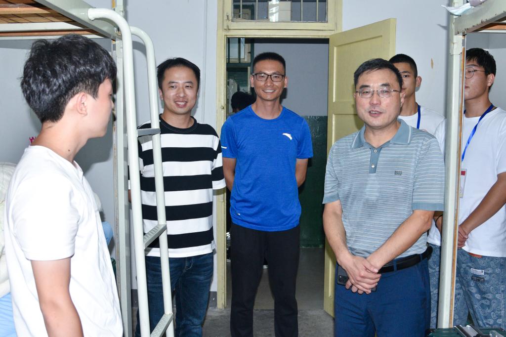 学院领导一行走访了东6男生和东1女生全体新生寝室。在新生宿舍,姚勇对大家的到来表示热烈欢迎,与他们亲切交谈,了解同学们对学校的看法,是否存在困难。嘱咐新生同学要提高安全防范意识,注意人身、财物和信息安全,谨防上当受骗。希望同学们调整状态,积极融入到班集体,尽快融入到大学的学习生活中。
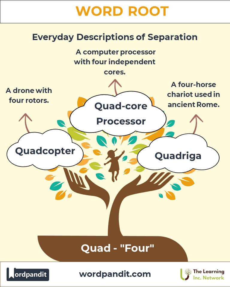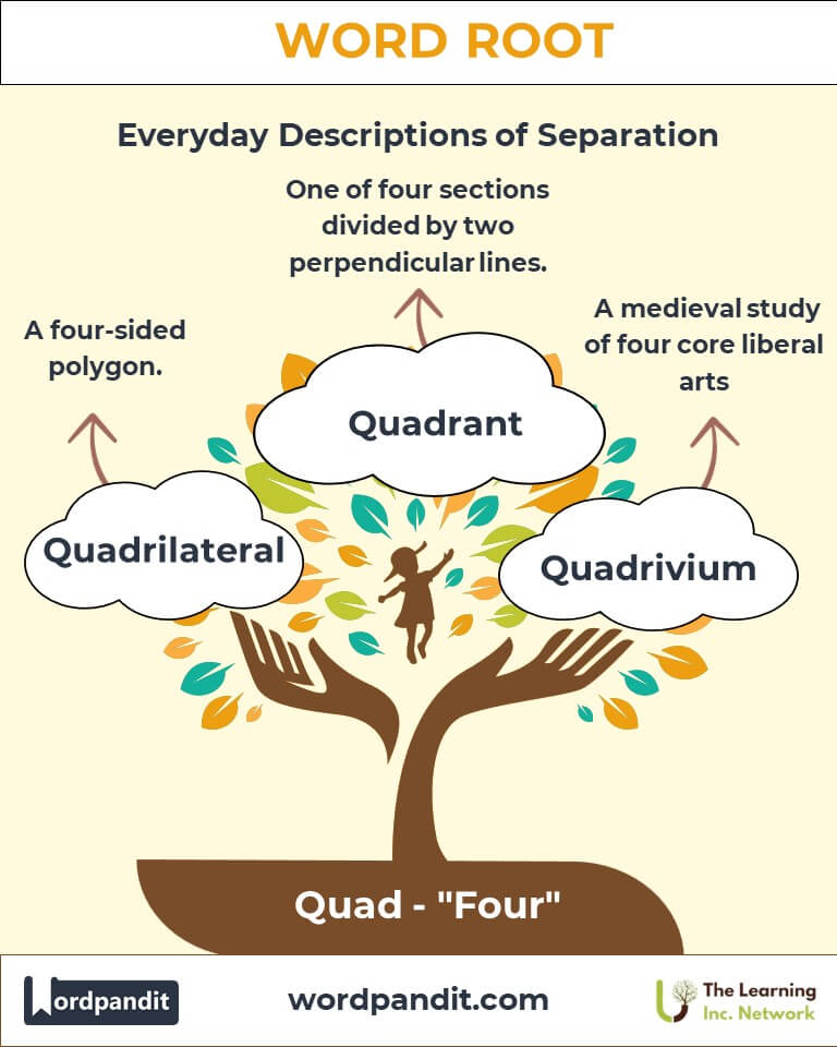 The word root "Quad," pronounced as "kwod," originates from Latin and means "four." This root forms the basis of numerous terms in geometry, sports, and technology, emphasizing the universality of the number four. From the four sides of a quadrilateral to the synchronized movements of a quad squad, "Quad" connects diverse concepts with balance and symmetry.
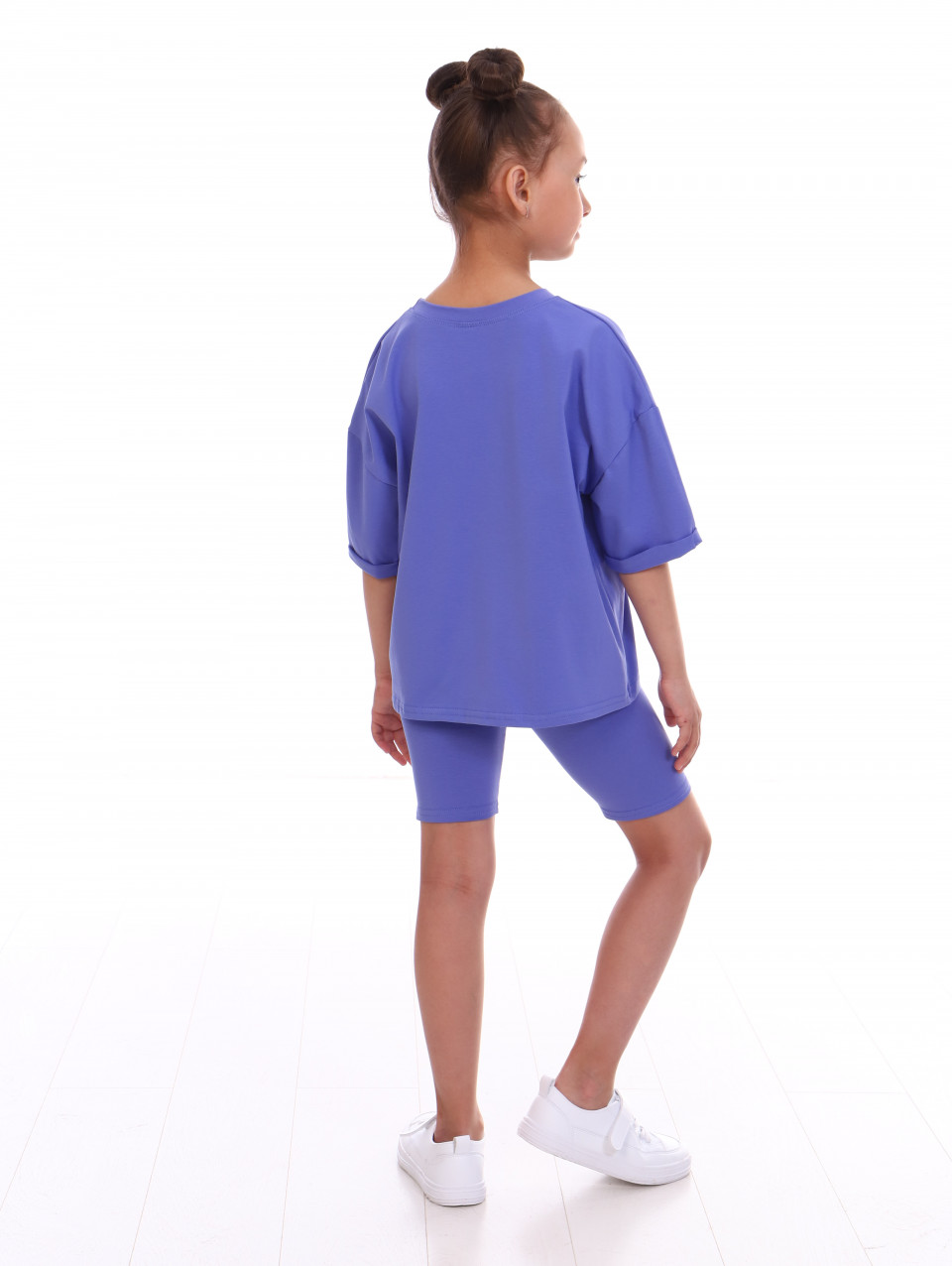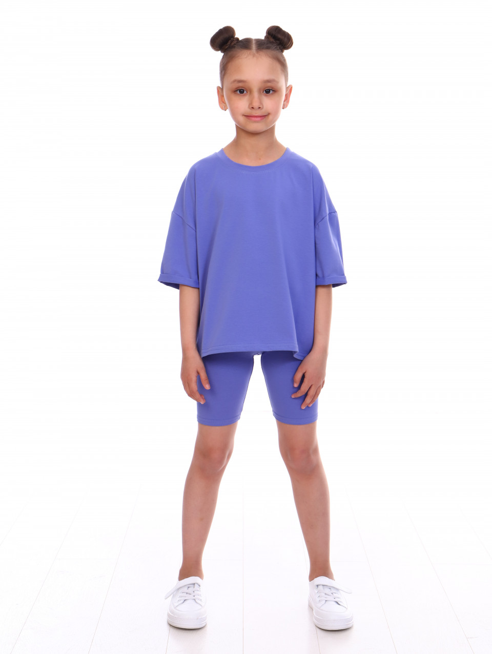 Летний костюм для девочки футболка и лосины, выполнен из кулирки с лайкрой. Футболка прямого кроя с коротким спущенным рукавом, горловина округлая, стиль "оверсайз". Детские велосипедки из эластичной кулирки, по талии на резинке, облегают фигуру не сковывая движений. Спортивный костюм подойдет не только для физических упражнений, но и для дома, отдыха, прогулок.
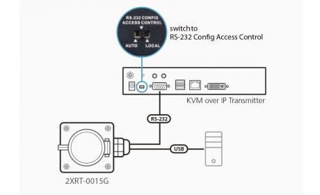 3. Connect the RS-232 connector of the 2XRT-0015G to the RS-232 Port of the KVM over IP Transmitter and connect the USB connector of the 2XRT-0015G to a computer for USB bus-power supply
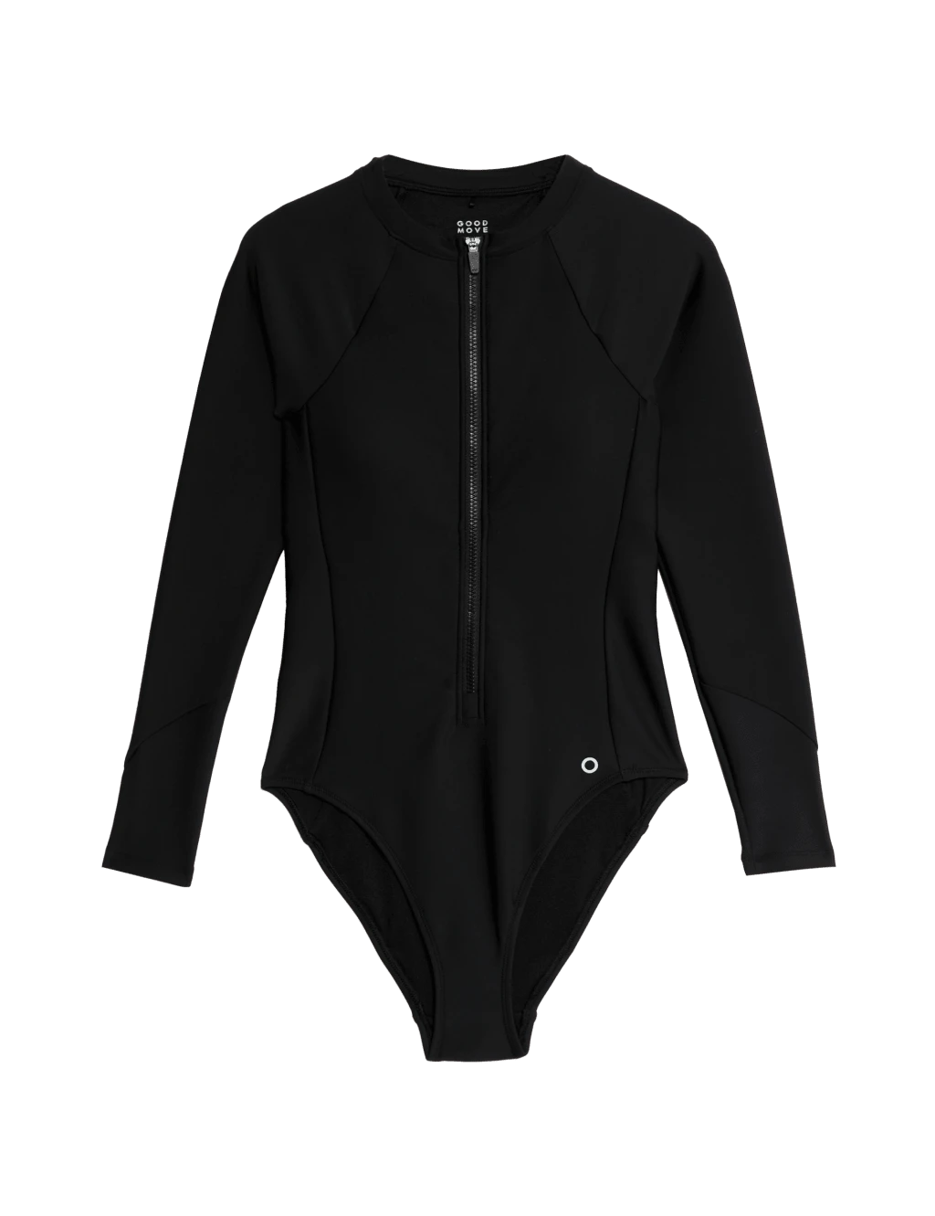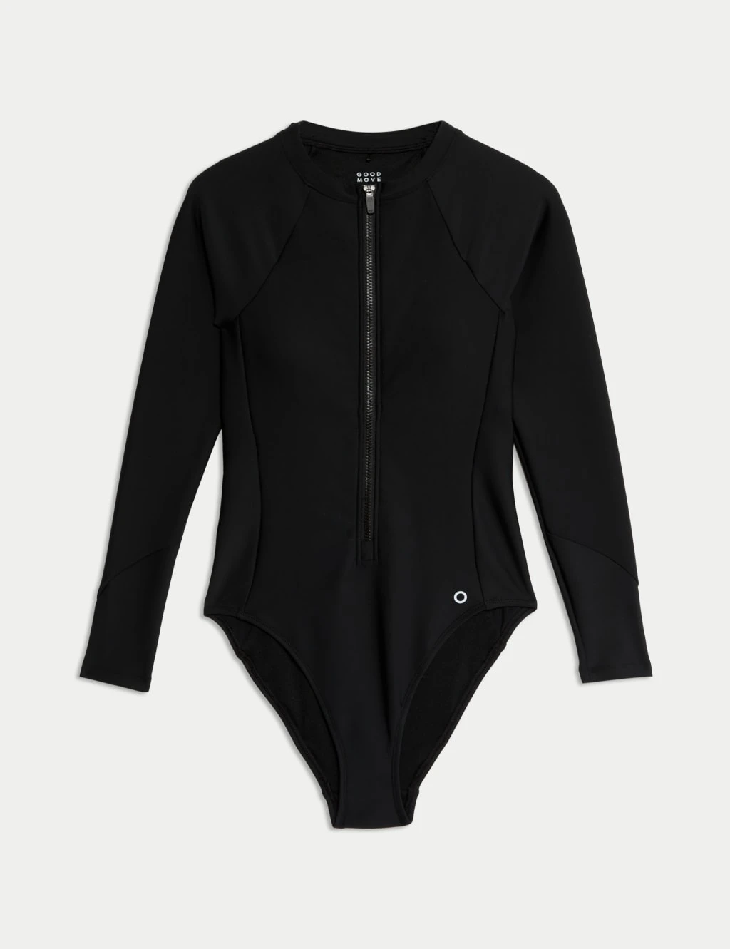 This scuba swimsuit from our Goodmove collection is designed with your water-based activities in mind. It’s cut in a regular fit, with a high neck and long sleeves for extra coverage. A zip fastening and removable padding in the non-wired cups offer a flattering shape. The chlorine-resistant fabric helps to keep the swimsuit looking newer for longer, while added stretch ensures a flexible feel.

== ACTIVITY ==
Recopy the full listing exactly, passing over any picture.

== EXERCISE OUTPUT ==
 学院领导一行走访了东6男生和东1女生全体新生寝室。在新生宿舍,姚勇对大家的到来表示热烈欢迎,与他们亲切交谈,了解同学们对学校的看法,是否存在困难。嘱咐新生同学要提高安全防范意识,注意人身、财物和信息安全,谨防上当受骗。希望同学们调整状态,积极融入到班集体,尽快融入到大学的学习生活中。
 The word root "Quad," pronounced as "kwod," originates from Latin and means "four." This root forms the basis of numerous terms in geometry, sports, and technology, emphasizing the universality of the number four. From the four sides of a quadrilateral to the synchronized movements of a quad squad, "Quad" connects diverse concepts with balance and symmetry.
 Летний костюм для девочки футболка и лосины, выполнен из кулирки с лайкрой. Футболка прямого кроя с коротким спущенным рукавом, горловина округлая, стиль "оверсайз". Детские велосипедки из эластичной кулирки, по талии на резинке, облегают фигуру не сковывая движений. Спортивный костюм подойдет не только для физических упражнений, но и для дома, отдыха, прогулок.
 3. Connect the RS-232 connector of the 2XRT-0015G to the RS-232 Port of the KVM over IP Transmitter and connect the USB connector of the 2XRT-0015G to a computer for USB bus-power supply
 This scuba swimsuit from our Goodmove collection is designed with your water-based activities in mind. It’s cut in a regular fit, with a high neck and long sleeves for extra coverage. A zip fastening and removable padding in the non-wired cups offer a flattering shape. The chlorine-resistant fabric helps to keep the swimsuit looking newer for longer, while added stretch ensures a flexible feel.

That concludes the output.